After using this Saturday, I have successfully located the errors. It is a platform-related problem regarding memory coherency when executing multiple kernels one by one. The problem is that when using gpuArray to index another gpuArray, it is necessary to deduction all the indices by one due to the fact that C/OpenCL language and Octave language are zero-based and one-based formats. The code here: https://sourceforge.net/p/octave-ocl/code/ci/default/tree/src/ocl_ov_matrix.cc#l324

issue a kernel to do the job of deduction by one, but somehow created either the correct new array with deduction or a wrong original array without deduction if executing later line instantly (To produce such problem with an independent host code is very hard). And somehow, Intel's and Nvidia have avoided such a problem in a short round test (they may have the same problems but limited tests could not show this). I guess there should be more work to do to check the coherency of the results across all platforms in the Octave-ocl. 

Now I have created new kernels to handle the case above which combine deduction and indexing at the same time to avoid this problem. After this, it works fully now, and AMD's 5700G APU passes all ocl_tests for the first time. I will announce AMD APU/Intel APU/Nvidia GPU formatted Octave-ocl package on my SourceForge wiki page later (https://sourceforge.net/u/tangjinchuan/wiki/Can%20I%20use%20AMD%27s%20APUs%20in%20Windows%3F/). Before that, there needs more testing this weekend on different platforms. 

Thank you very much for all the support!

Best wishes,

Jinchuan Tang

View solution in original post

23 Replies
jinchuantang
Adept II

My last post did not show the way to locate the errors fully.

Here is the step:

Since the GUI of Octave will disappear if executing any OpenCL related statement such as gpuArray(1,5), I tried to find what did the Octave returns before it crashed. Hence, I tried to use the CLI of Octave in cmd of Windows 10. 

1. The file should be in "C:\Octave-6.3.0\mingw64\bin>octave-cli-6.3.0.exe" or similar location. 

2. type in C:\Octave-6.3.0\mingw64\bin>octave-cli-6.3.0.exe in the cmd of Windows.
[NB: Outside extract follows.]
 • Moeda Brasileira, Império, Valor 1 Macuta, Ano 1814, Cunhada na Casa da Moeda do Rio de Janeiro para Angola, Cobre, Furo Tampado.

3. Now we can type any Octave related cmd. 

4. >> pkg load ocl

5. line 4 will load the ocl pkg

6. >>gpuArray(1,5)

7. At this point the cmd will return an LLVM related errors with AMD's OpenCL drivers.

0 Likes

If you are using ROCm then you can also post at Github ROCm Forum from here: https://github.com/RadeonOpenCompute/ROCm/issues

0 Likes

Thanks! Have submitted to ROCm Github. By the way, to Dr Liza Su and the sales team, this year when my team ordered 100k British pounds worth of equipment including severs and working stations. I only ordered 5 AMD 4600G equipped Huawei B515 PCs + 1 5700G CPU. For the rest, I have to order Intel CPUs and Nvidia 3090/3080Ti GPUs due to reasons that the bugs (like this one)/lack of features (such as CUDA which is important to Matlab and other neural network jobs, we strive to replace CUDA in Octave) that me and my colleagues faced with AMD's CPUs/GPUs. I wish AMD would boost more success stories in  scientific community rather than GAMES only and I would say more AMD yeses in the future!

0 Likes

Hi @jinchuantang ,

Thank you for reporting the issue. I have whitelisted you and moved the post to the OpenCL forum. 
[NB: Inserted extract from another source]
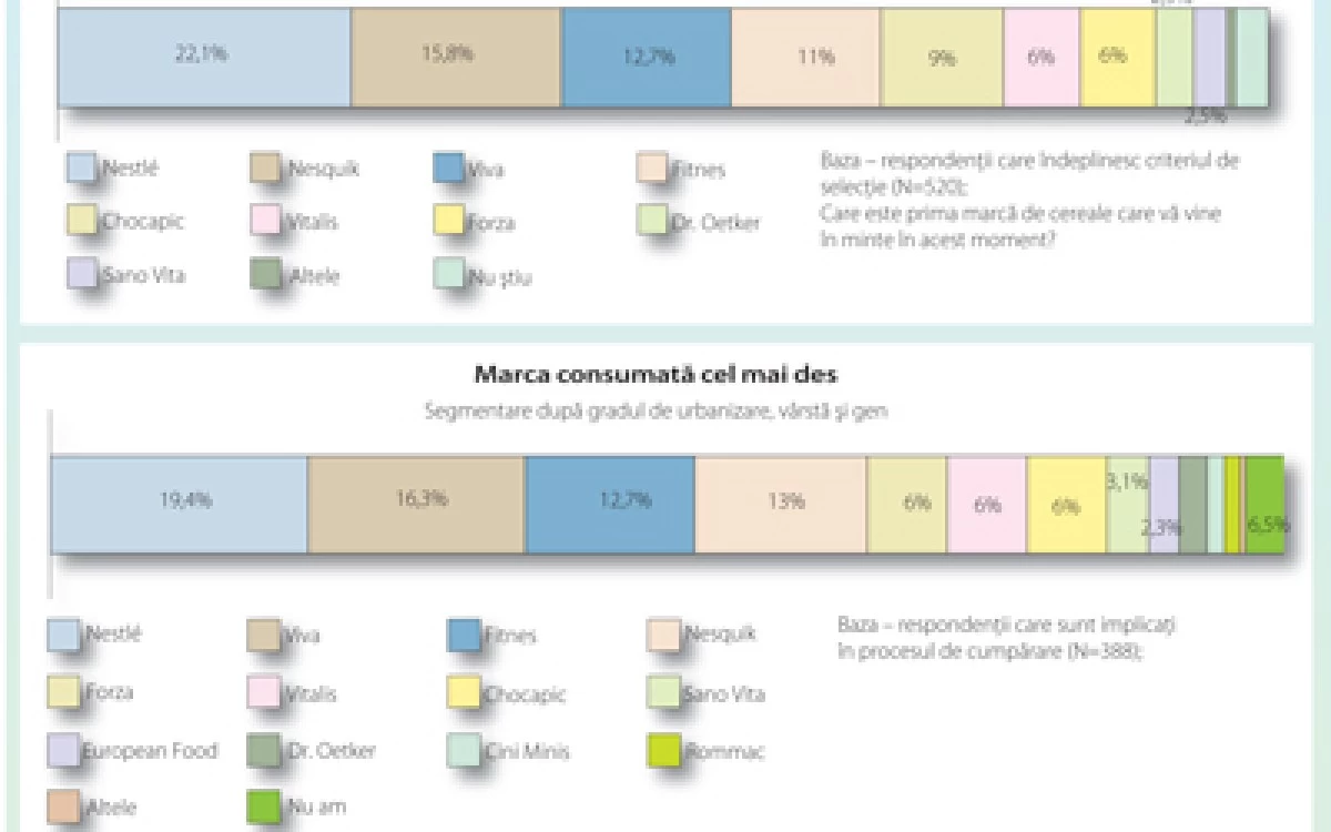 In timp ce optiunile barbatilor se continua cu Nesquik si Viva, la femei printre primele marci amintite se numara Fitness si apoi Viva. Potrivit studiului, preferinta pentru diverse marci de cereale se reflecta si la nivelul consumului. Astfel, Nestlé ramane conform preferintelor, cea mai consumata marca la nivelul tuturor categoriilor de varsta.

We will look into this and get back to you. Please share the driver details and clinfo output.

 

Thanks.

 

 

 

 

0 Likes

As I can see, the ROCm support team has already replied here:  A potential OpenCL driver problem with AMD 5700G APUs

0 Likes

Thanks! I guess that is the answer for ROCm. Does AMD use ROCm as windows's OpenCL driver? But AMD's APU clearly stated its support for OpenCL 2.0  in the Radeon hardware details. If this is the case for windows also, I guess the options for me and my teams are quite clear now.  Gosh! I am glad I did the right choice mostly with N cards and I CPUs+Integrated Graphics, maybe I ARC will be a good choice for us in the future.

0 Likes

As per the below driver page, the latest AMD graphics driver supports this APU on Windows. If you are using this latest driver, please provide the clinfo out. 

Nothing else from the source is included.